Entering into the 2012 Playoffs, Carpenter had thrown a total of 17 innings this season. That's 17 innings facing professional hitters, not taking signals from a bullpen catcher with trainers watching every move, before Carpenter took the hill and hopeful command of the Cardinals' playoff destiny—It shouldn't take a baseball wizard to realize a pitcher can't be ready to face game-scenarios with that short amount of mental and physical exercising, even for a great pitcher like Carpenter.
It's a simple idea: The MLB is not the NBA. It's impossible for a team to cost through the season, only to turn on the experience-button once the playoffs pop up on the calendar—let alone a starting pitcher following suit.
Without the grind of 30 starts from April to September, the focus, the wherewithal and most importantly, the arm strength plus sharpness will not be there.
Yes, Carpenter pitched extremely well in the NLDS, handling the Nationals hitters, looking like the old slinger St. Louis remembers. But, that was only one start, and it was a start against an unproven, young team. The Giants' lineup is a different story, especially when the innings total rises, wearing down on the injured arm.
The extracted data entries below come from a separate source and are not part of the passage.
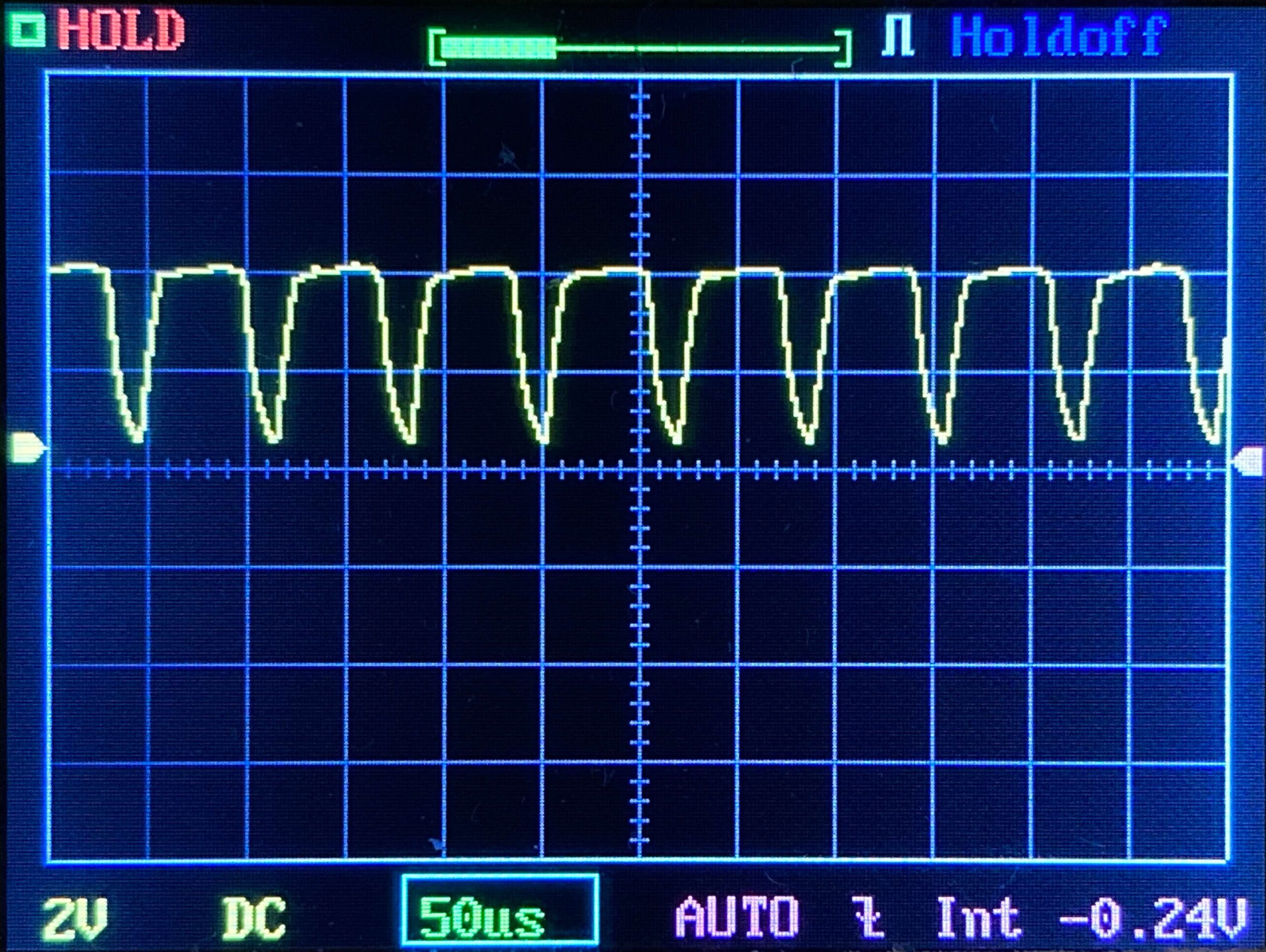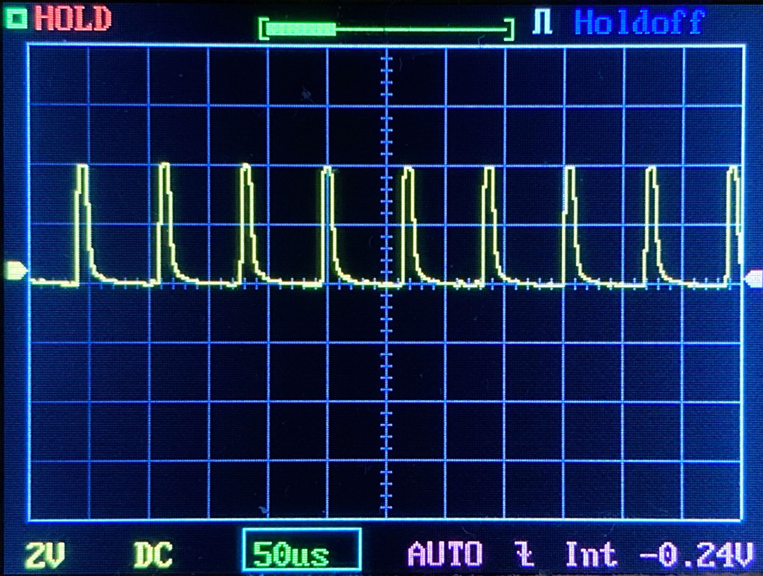 Then there’s the Ultrafire WF-602C flashlight, which has some of the worst PWM I’ve seen. It’s so bad that I used a post about it to explain PWM! Here are multiple timescales (10ms, 5ms, 2ms, 1ms, 0.5ms, 0.2ms) to make comparing this “worst” PWM light to the test light easier. That post also explains why I didn’t test the WF-602C at the usual 50us scale.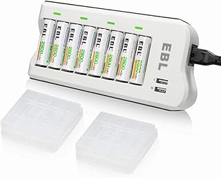 EBL Akku ladegerät inkl. 8X AA 2800mAh mit 2 USB Prot Akkus ladegerät für AA, AAA, NI-MH Akku Universal batterien Ladegerät 8-Fach Multi Batterie Ladegerät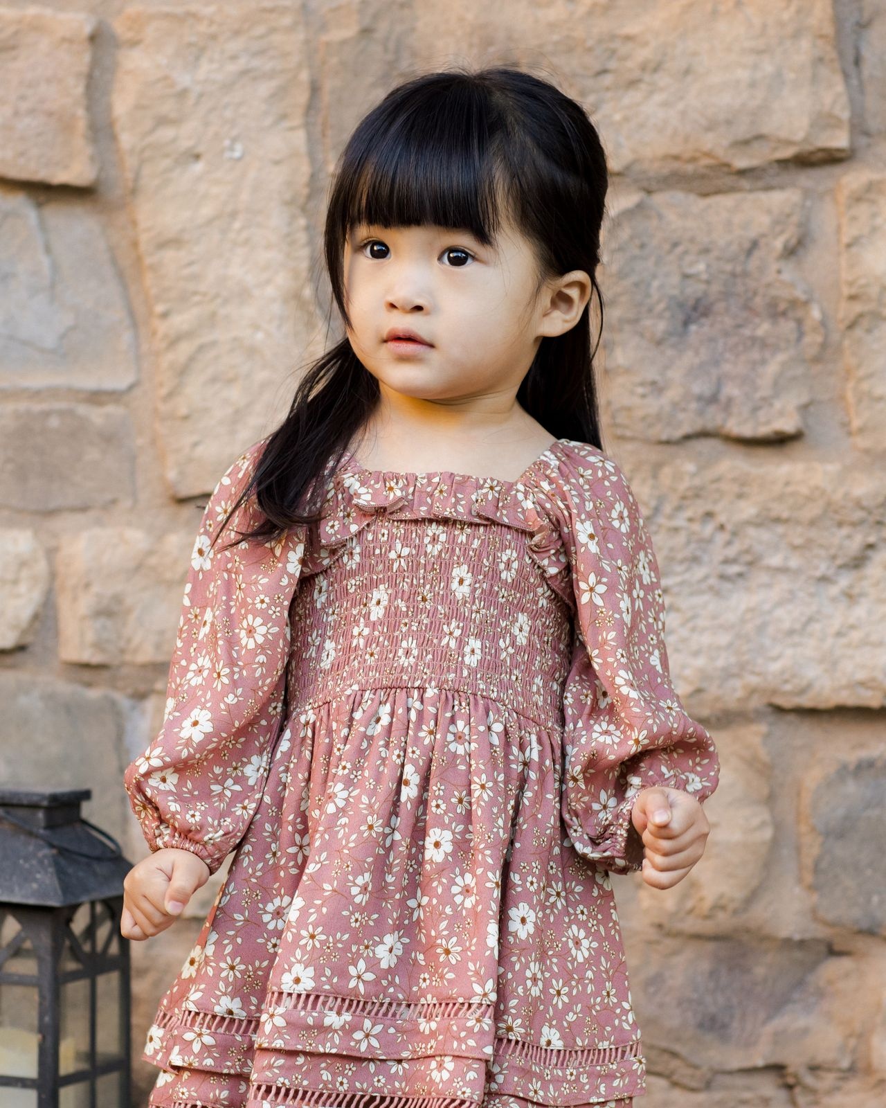 • Robe fleurie avec corsage smocké orné de délicats volants ainsi que des manches ballon élastiques.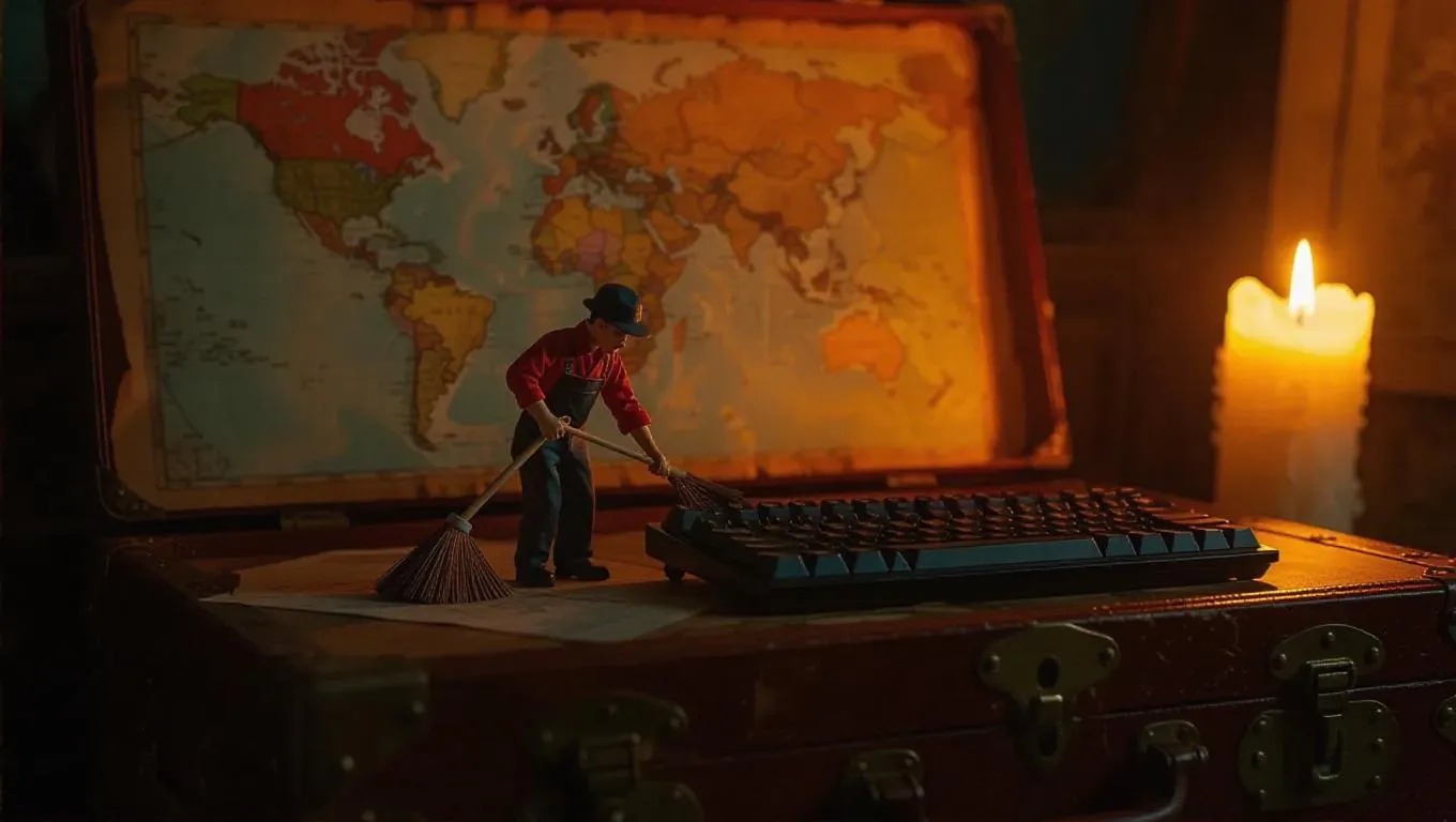 A tiny janitor with a miniature push broom diligently cleans a full-sized Mac keyboard on a vintage trunk, surrounded by old maps, travel souvenirs, and dim candlelight, capturing the essence of post-travel unpacking. The trunk is illuminated by the flickering candle glow.

That was the issue facing Chris Carpenter and, unfortunately, one that was missed. Regardless of how Carpenter felt—or what he said he felt like—he was not ready to pitch in 2012, and it's the organization’s fault for not recognizing that.
Much like the Washington Nationals' decision on Stephen Strasburg, the Cardinals should have realized when to say when with Carpenter—that time scenario needed to be more in 2013—giving the ball in Game 6 to another pitcher, possibly Shelby Miller, relying on the bullpen to carry out the job.

However, the Cardinals didn't, leaving the tired-looking sharpness of Carpenter to lose the game—long before the error by Pete Kozma broke open the Giants' momentum.
The decision may prove to be the costly mistake of the NLCS.
If the Giants' follow Vogelsong's pitching-game plan into Game 7, keeping the dominance on the inner-half of the plate, then the mistake will haunt the Cardinals the entire offseason.